Am Tag der Beisetzung des Bankiers Marcel Péricourt, stürzt oder springt der Enkel aus dem Fenster und bleibt schwerverletzt auf dem Katafalk liegen. Madeleine Pericourt verliert sich in ihrer maßlosen Trauer und in ihrer Sorge um den nach dem Sturz gelähmten Sohn Paul. So steht sie zwar formell an der Spitze des Bankhauses, aber der Prokurist der Bank Gustave Joubert lenkt die Geschäfte. Umgeben ist Madeleine vom raffgierigen Onkel Charles und vom Hauslehrer André Delcourt, der auch ihr Liebhaber ist. Erst spät, zu spät begreift Madeleine, dass keiner ihrer Vertrauten ihr Wohlwollen im Auge haben. Joubert will Rache für die Kränkung, dass er mit einem Almosen im Testament des alten Péricourt abgespeist wurde.

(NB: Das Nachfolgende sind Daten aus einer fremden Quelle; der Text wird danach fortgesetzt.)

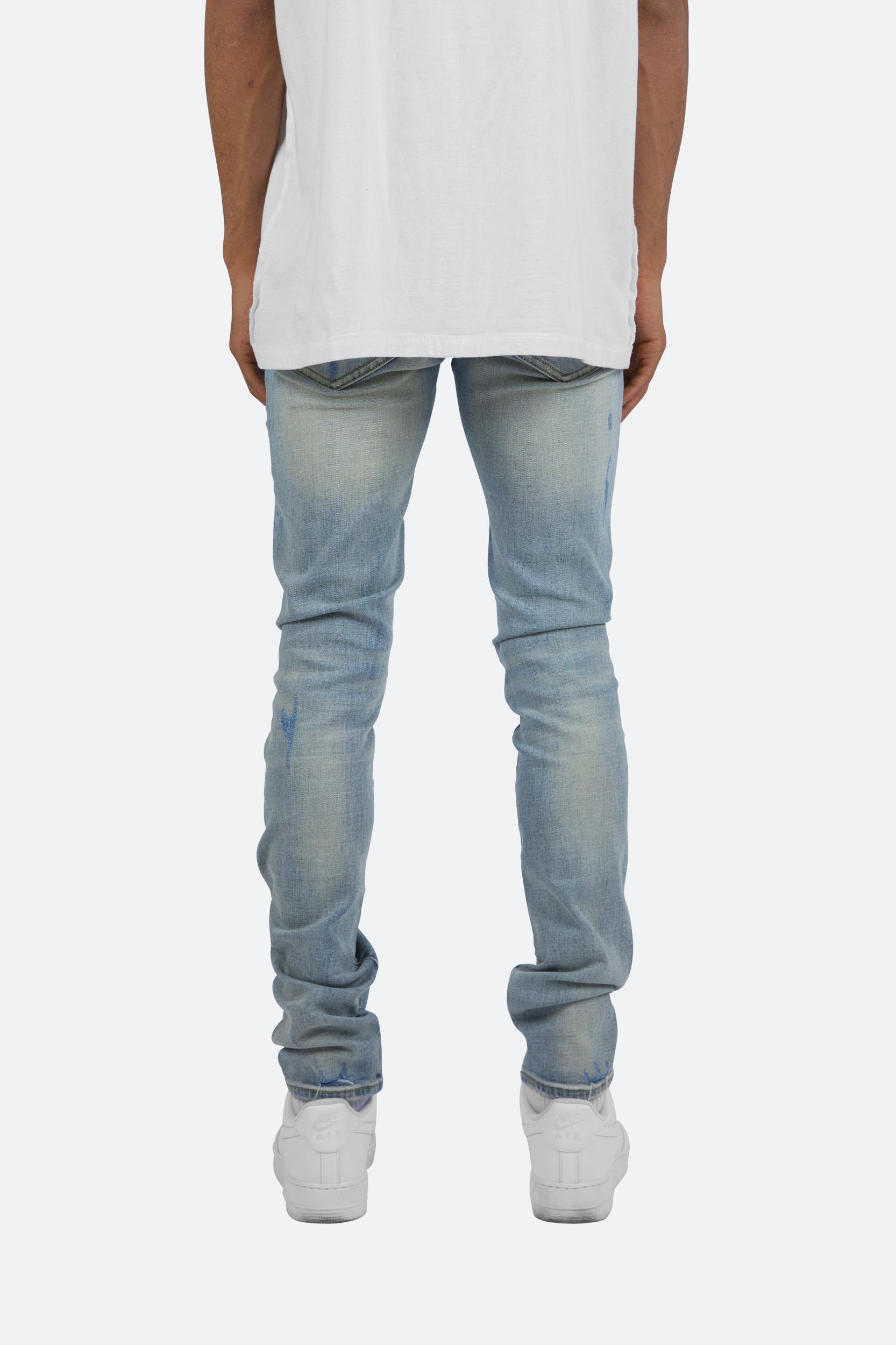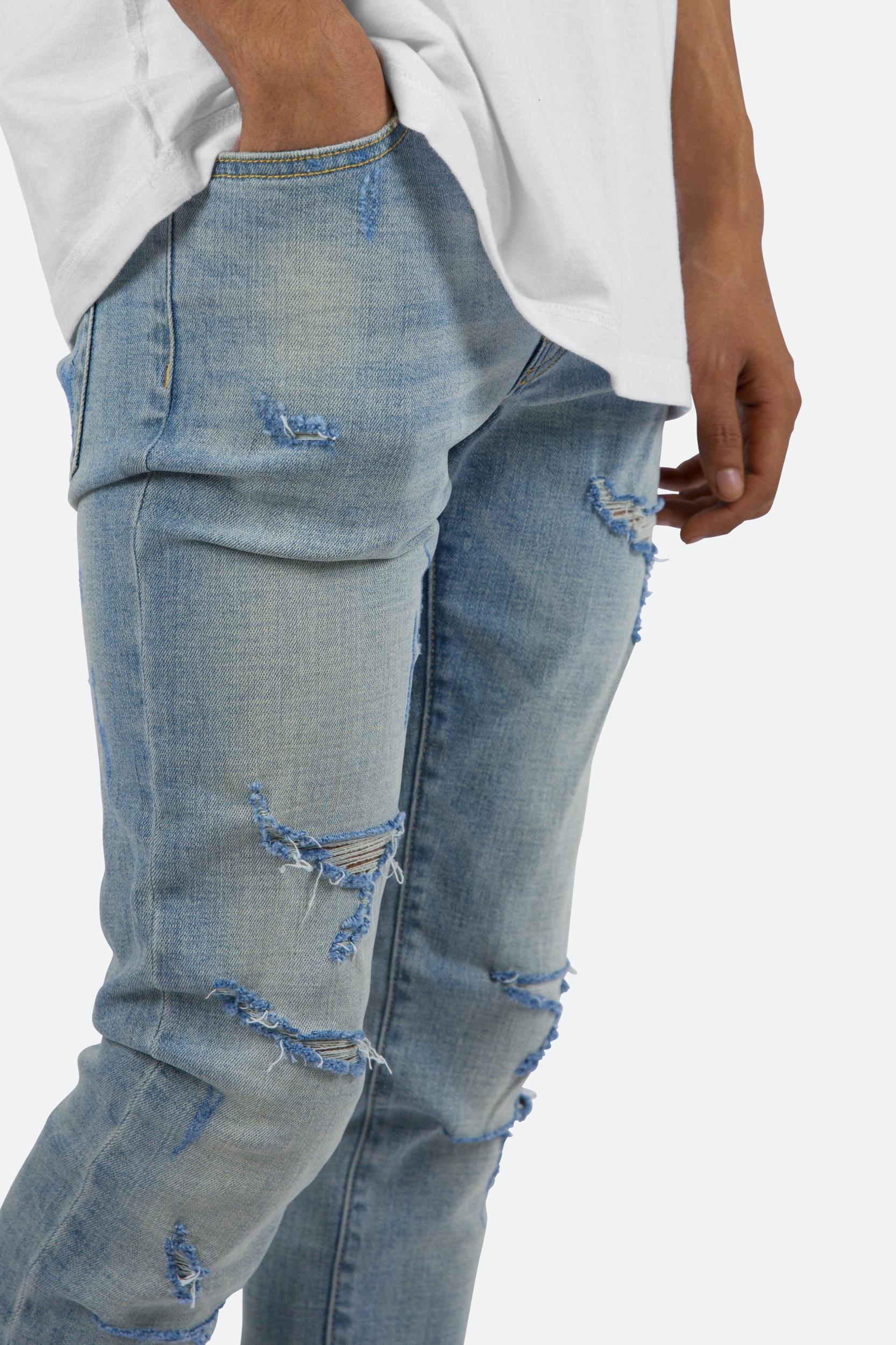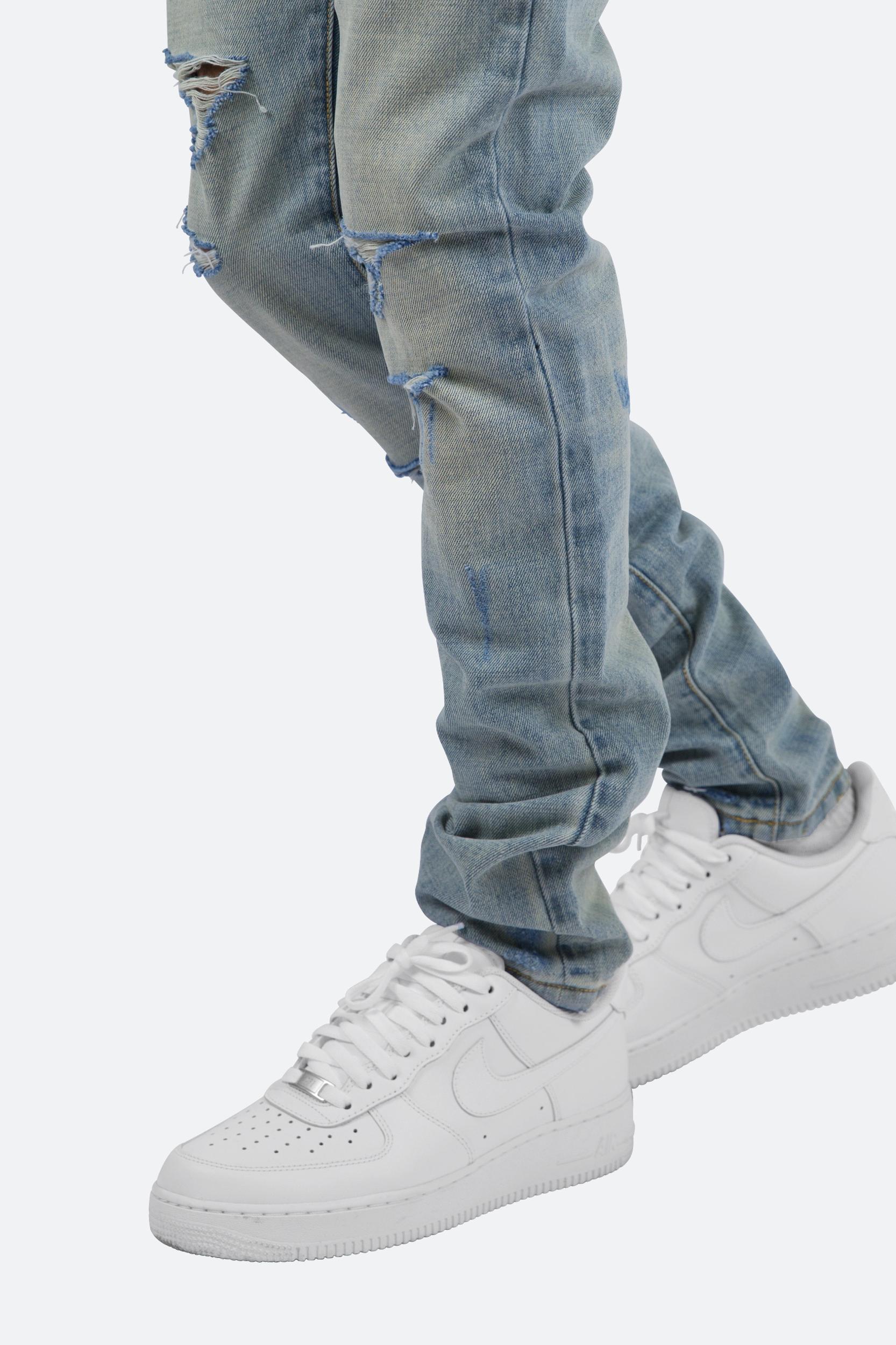 the X36 Stretch Denim is designed with our new X fit which is skinny throughout with an extended inseam for stacking, and features a light blue wash and slashed and frayed distressing down the front of the leg, details skinny fit 98% cotton 2% spandex extended inseam for stacking model is 6’1, 140 lbs and wears a size

Doch als Madeleine alles verloren hat, erwacht in ihr die Kraft ihr Schicksal in die eigene Hand zu nehmen. Die politischen Wirren, die Wirtschaftskrise und die Vorboten des Zweiten Weltkriegs spielen ihr in die Hände und sie beginnt die Schuldscheine für den Verrat einzufordern.

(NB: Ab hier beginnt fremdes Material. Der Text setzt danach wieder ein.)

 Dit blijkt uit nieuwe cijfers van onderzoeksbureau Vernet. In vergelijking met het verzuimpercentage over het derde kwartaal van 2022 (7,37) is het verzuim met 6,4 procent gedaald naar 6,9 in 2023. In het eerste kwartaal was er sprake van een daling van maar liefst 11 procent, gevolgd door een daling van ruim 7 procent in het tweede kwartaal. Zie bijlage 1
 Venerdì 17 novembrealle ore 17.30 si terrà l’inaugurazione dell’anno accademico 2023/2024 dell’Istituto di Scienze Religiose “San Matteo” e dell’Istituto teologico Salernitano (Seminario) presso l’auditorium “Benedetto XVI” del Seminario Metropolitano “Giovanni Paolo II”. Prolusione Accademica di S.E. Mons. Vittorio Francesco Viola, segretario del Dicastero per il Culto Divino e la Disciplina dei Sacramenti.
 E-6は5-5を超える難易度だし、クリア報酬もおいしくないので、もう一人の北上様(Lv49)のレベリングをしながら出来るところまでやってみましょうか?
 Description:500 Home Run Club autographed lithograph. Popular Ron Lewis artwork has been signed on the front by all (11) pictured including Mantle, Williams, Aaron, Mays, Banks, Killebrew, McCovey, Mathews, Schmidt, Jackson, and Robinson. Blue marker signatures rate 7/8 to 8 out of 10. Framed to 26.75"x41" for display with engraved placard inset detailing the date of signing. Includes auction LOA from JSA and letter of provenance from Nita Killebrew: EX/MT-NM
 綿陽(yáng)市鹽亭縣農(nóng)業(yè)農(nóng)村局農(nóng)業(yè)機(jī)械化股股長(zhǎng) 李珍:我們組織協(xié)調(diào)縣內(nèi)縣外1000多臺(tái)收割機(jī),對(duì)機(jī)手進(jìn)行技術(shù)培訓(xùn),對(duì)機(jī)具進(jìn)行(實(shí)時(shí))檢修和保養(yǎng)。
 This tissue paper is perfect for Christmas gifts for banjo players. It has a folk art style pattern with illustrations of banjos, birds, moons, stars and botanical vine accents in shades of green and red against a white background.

Pierre Lemaitre findet einen leichten, oft sogar ironischen Ton um seine Figuren zu portraitieren. Der Roman entwickelt fast die Dynamik einer Kriminalgeschichte, wenn Madeleine Zug für Zug ihren Rachefeldzug umsetzt. Die farbige Darstellung der Gesellschaftsschichten und deren Umwälzungen im Vorkriegsfrankreich ist prägnant und gelungen. Der Roman entwickelt einen Sog, dem ich mich als Leserin nicht entziehen konnte. Besonders gelungen fand ich die Frauen der Geschichte, nicht nur Madeleine, sondern auch Kindermädchen Léonce und Pflegerin Vladi sind großartig portraitiert und stehen für ihre jeweilige Gesellschaftsschicht. Es ist ein groß angelegter Sitten- und Gesellschaftsroman, in den Lemaitre Madeleines Abrechnung einbettet. Dabei gefiel mir ganz besonders die Raffinesse der einzelnen Handlungsstränge, die auch mit Kritik an der damaligen Gesellschaft nicht spart. Ob nun es die Arroganz des Großbürgertums oder die Eitelkeit der Politiker oder die Geltungssucht der Presse ist. Madeleine hat viel verloren, aber ihre Freiheit hat sie sich zurück erobert.
Ein wunderbarer Roman, dessen brillante Sprache mich nachhaltig beeindruckt hat.